## Aim of the exercise
Using the data below, transcribe exactly everything from the line that contains "Giải câu 3 trang" down to the line that contains "程よいハリ感があるものの、ご". Include both of those lines and none of the pictures.

## Data to process

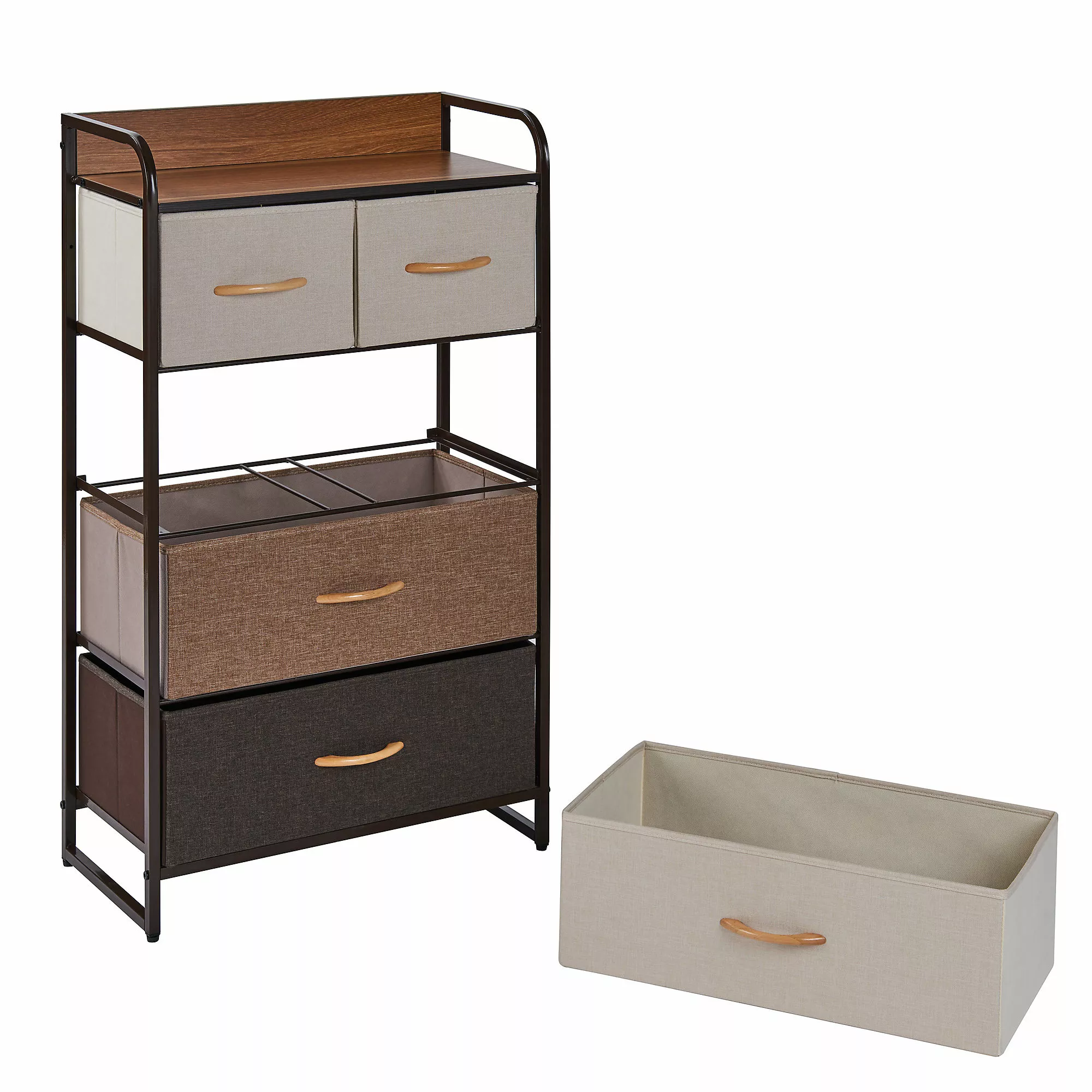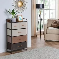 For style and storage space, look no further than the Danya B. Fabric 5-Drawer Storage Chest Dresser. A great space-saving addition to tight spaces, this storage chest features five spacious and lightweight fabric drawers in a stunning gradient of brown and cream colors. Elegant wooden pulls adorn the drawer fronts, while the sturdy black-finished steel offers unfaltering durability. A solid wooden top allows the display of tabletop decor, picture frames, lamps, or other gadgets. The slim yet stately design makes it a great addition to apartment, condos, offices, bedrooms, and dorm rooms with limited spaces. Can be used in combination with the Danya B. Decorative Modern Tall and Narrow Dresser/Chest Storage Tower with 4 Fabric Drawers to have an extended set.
...
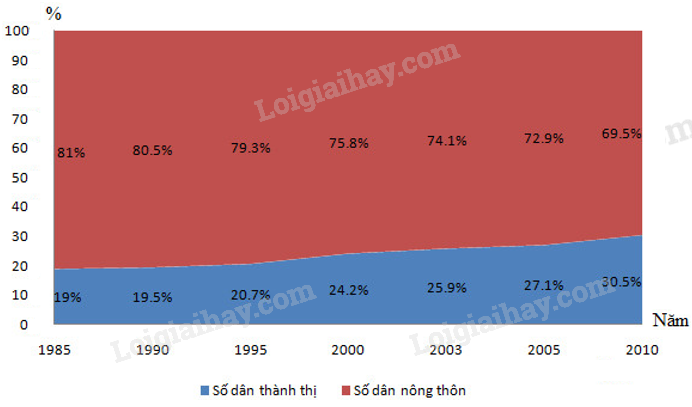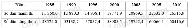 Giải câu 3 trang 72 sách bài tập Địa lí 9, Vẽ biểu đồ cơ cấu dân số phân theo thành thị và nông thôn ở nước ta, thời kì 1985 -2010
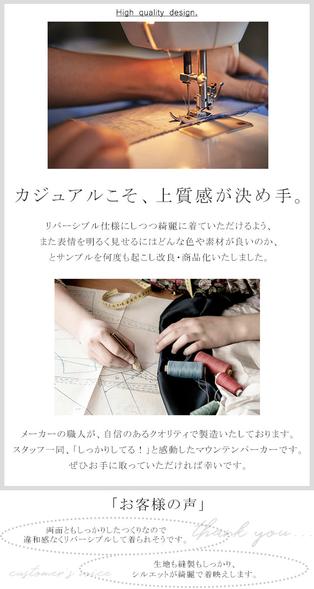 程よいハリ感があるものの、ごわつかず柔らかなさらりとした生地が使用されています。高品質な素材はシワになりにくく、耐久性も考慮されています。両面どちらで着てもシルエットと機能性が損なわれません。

## Answer section
 Giải câu 3 trang 72 sách bài tập Địa lí 9, Vẽ biểu đồ cơ cấu dân số phân theo thành thị và nông thôn ở nước ta, thời kì 1985 -2010
 程よいハリ感があるものの、ごわつかず柔らかなさらりとした生地が使用されています。高品質な素材はシワになりにくく、耐久性も考慮されています。両面どちらで着てもシルエットと機能性が損なわれません。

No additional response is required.